It was a night Dr. Bassam Osman says changed his life. At around 6 p.m. on August 4, the 27-year-old surgical resident was about to leave his daily hospital shift. Then a massive explosion shook Beirut.
The floodgates opened and hundreds of wounded poured into the American University of Beirut Medical Center, one of Lebanon's best hospitals.
The medical staff of around 100 doctors, nurses and aides juggled priorities and space in treating the torn-up and bloodied men, women and children. They sutured wounds by mobile phone lights when electricity conked out.
Veteran doctors who had worked through Lebanon's civil war said they'd never seen anything like it. In six hours, they used up a year and a half's worth of emergency supplies.
Osman ended up working the next 52 hours straight. He treated more than two dozen patients. He lost one.
"There was no moment in my life where I felt more in touch with my own and my surrounding humanity," Osman said of those 52 hours in a tweet afterward.
Osman, at the beginning of his career, finds himself in a medical field far different from what he expected when he entered the profession.

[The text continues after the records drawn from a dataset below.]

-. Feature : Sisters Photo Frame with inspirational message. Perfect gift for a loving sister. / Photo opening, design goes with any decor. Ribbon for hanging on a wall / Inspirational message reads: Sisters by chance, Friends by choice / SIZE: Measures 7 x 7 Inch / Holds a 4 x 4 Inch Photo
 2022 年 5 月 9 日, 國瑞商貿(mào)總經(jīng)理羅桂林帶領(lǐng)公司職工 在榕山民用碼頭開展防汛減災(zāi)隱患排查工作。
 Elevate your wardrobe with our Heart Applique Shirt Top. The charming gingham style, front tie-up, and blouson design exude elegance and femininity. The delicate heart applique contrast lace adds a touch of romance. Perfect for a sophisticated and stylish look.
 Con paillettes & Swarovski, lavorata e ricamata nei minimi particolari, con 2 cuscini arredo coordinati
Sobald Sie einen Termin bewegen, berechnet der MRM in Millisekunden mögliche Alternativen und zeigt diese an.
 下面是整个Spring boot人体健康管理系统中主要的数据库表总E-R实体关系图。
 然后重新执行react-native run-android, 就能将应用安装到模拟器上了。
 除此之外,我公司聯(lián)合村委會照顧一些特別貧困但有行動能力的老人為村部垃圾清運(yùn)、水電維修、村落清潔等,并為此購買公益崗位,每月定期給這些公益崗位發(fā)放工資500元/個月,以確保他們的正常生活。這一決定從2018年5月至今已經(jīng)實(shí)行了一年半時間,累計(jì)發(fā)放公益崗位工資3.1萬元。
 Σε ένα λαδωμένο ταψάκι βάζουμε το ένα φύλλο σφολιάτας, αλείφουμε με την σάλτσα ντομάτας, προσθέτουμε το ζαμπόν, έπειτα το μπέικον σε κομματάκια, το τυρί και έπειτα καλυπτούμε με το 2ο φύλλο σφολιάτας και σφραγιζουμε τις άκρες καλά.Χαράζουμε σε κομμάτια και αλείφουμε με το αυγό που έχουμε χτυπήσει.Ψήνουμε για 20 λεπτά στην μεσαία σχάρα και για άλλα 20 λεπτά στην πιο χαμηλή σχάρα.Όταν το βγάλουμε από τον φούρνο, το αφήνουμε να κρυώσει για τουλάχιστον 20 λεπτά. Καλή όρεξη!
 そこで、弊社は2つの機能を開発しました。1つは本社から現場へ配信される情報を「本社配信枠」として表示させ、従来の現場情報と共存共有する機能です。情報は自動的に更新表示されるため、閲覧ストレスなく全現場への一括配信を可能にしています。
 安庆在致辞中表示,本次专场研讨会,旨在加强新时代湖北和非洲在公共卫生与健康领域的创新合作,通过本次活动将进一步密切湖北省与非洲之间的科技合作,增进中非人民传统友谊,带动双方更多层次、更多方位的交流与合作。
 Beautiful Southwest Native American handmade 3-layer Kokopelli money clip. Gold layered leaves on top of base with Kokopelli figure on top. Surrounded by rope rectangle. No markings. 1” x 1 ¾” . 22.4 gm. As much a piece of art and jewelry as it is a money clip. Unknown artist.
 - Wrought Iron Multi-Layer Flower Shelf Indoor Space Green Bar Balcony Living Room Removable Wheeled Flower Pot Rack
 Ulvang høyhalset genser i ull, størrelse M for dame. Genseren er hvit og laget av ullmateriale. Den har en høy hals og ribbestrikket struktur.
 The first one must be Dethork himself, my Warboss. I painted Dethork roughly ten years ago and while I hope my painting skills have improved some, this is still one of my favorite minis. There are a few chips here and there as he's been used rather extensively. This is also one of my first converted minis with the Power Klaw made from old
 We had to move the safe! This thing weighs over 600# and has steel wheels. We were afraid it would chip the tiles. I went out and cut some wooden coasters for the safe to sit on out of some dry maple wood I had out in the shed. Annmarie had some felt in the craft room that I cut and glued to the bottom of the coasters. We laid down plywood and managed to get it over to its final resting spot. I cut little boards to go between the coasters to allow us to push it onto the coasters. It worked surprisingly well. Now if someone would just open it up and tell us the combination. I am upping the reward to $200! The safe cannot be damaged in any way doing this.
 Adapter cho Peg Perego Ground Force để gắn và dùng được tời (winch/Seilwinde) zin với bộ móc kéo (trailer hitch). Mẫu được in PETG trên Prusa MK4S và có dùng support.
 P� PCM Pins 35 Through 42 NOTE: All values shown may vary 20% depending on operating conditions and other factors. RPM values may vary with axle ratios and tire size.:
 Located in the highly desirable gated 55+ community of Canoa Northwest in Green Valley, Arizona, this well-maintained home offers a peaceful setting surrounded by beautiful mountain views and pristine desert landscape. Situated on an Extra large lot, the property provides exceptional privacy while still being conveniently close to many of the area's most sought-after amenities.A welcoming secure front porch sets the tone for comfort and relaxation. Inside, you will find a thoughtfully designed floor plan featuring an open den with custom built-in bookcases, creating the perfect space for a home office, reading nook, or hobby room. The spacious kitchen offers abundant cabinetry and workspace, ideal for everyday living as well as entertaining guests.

Lebanon's health facilities were once considered among the region's best. In a short time, they have been brought to near collapse, battered by Lebanon's financial meltdown and a surge in coronavirus cases, then smashed by the Beirut explosion.
But the blast has also given Osman a greater sense of duty. That day's trauma, he says, forged a deeper emotional bond between doctors and patients, left with no one else to trust in a country where politicians and public institutions take no responsibility.